The merged company sees how to manage the automatic unfriendly customer reduction in the exchange ratio for the stock possession in each respective company prior to merging. This is inevitable as a temporary cushion. The target was pegged at speculative repair duration of six months. Moreover, as part of a bid to reduce the inconveniences, there appears another negotiation on working out tax-free local telecommunication operations for Sprint’s existing customers. The negotiation equally sees to regulate the executive board of directors to ensure equality of representation from both parties with perhaps, common interest. The agenda channeled focus on challenging the earlier mentioned two biggest network providers through the combination of expatriates in the two firms. The aiming was to cut short certain administrative expenses, professional negotiation on how to manage proposed reduction in both expenditures on sales and marketing towards eventual increase in savings and overall yearly turnout. Furthermore, the merging seizes to disclose how members of staff planned to be down sized though speculation later holds that Nextel suffer the larger brunt.

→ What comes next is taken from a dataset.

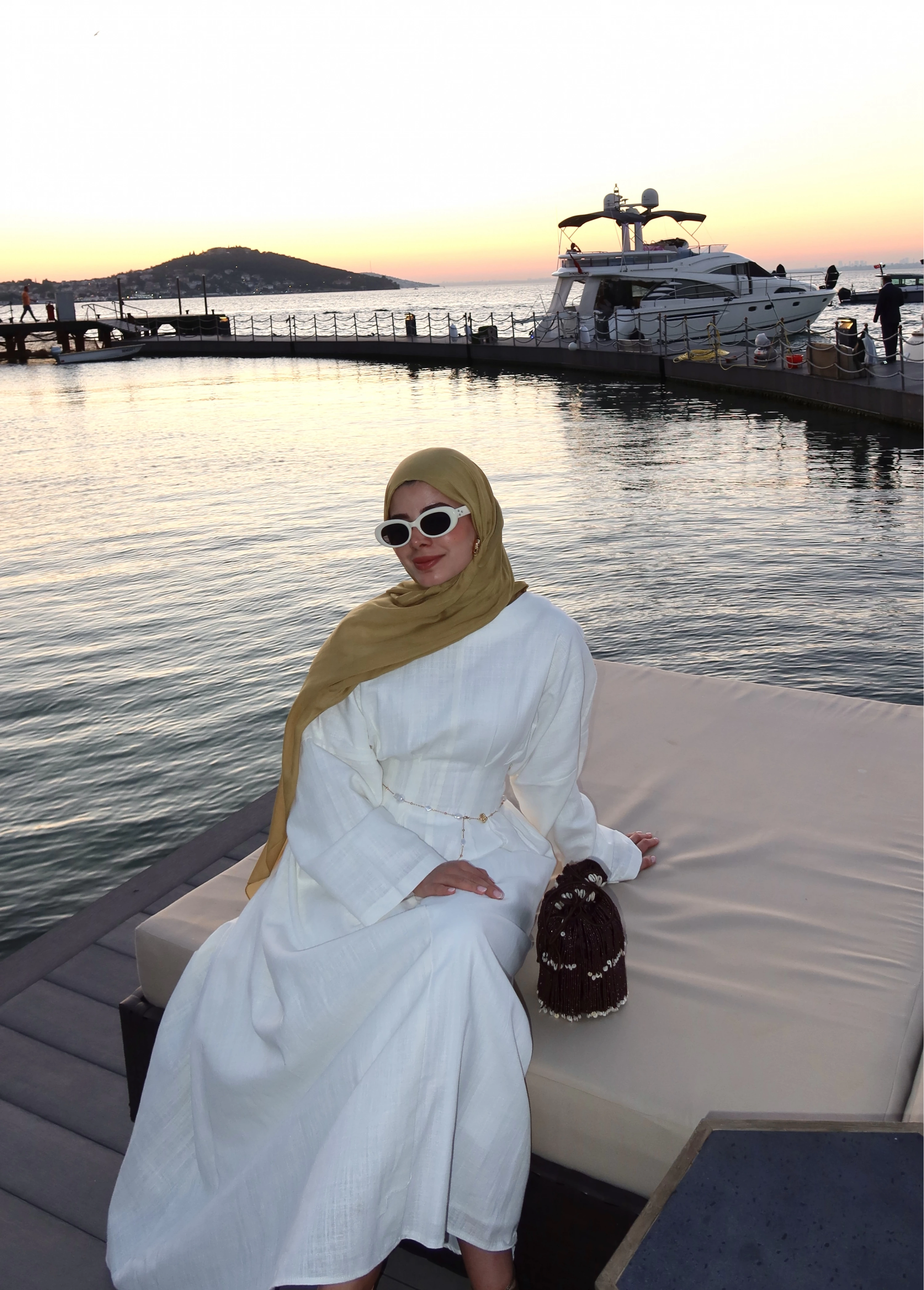 İSPANYOL KOL VUAL ELBİSE BEYAZ

 Conclusively, the merger dictates the running pace of the emerging larger Sprint Nextel firm through extensive negotiations on workable modalities to ensure increase long term investors’ benefit through convergence of interests such as; saving the administrative cost and reducing the work force but a failed target at increasing interested investors in the firm. The merger did not left out a resounding mutual input though the end turned expectedly slow rising target with perpetual forecast of increasing fall and investors exit.

References

Denise Pappalardo, 2007.  Sprint still struggling to make Nextel merger work, NetworkWorld.com.Available at: www.networkworld.com/news/2007/010907-sprint-nextel-earnings.html
CNN, Sprint, Nextel in $36B merger, December 2004

Available at: www.money.cnn.com/2004/12/15/news/fortune500/sprint_nextel/

Mr Denise Pappalardo, Sprint Nextel Backs WiMAX, Network World, August, 2006.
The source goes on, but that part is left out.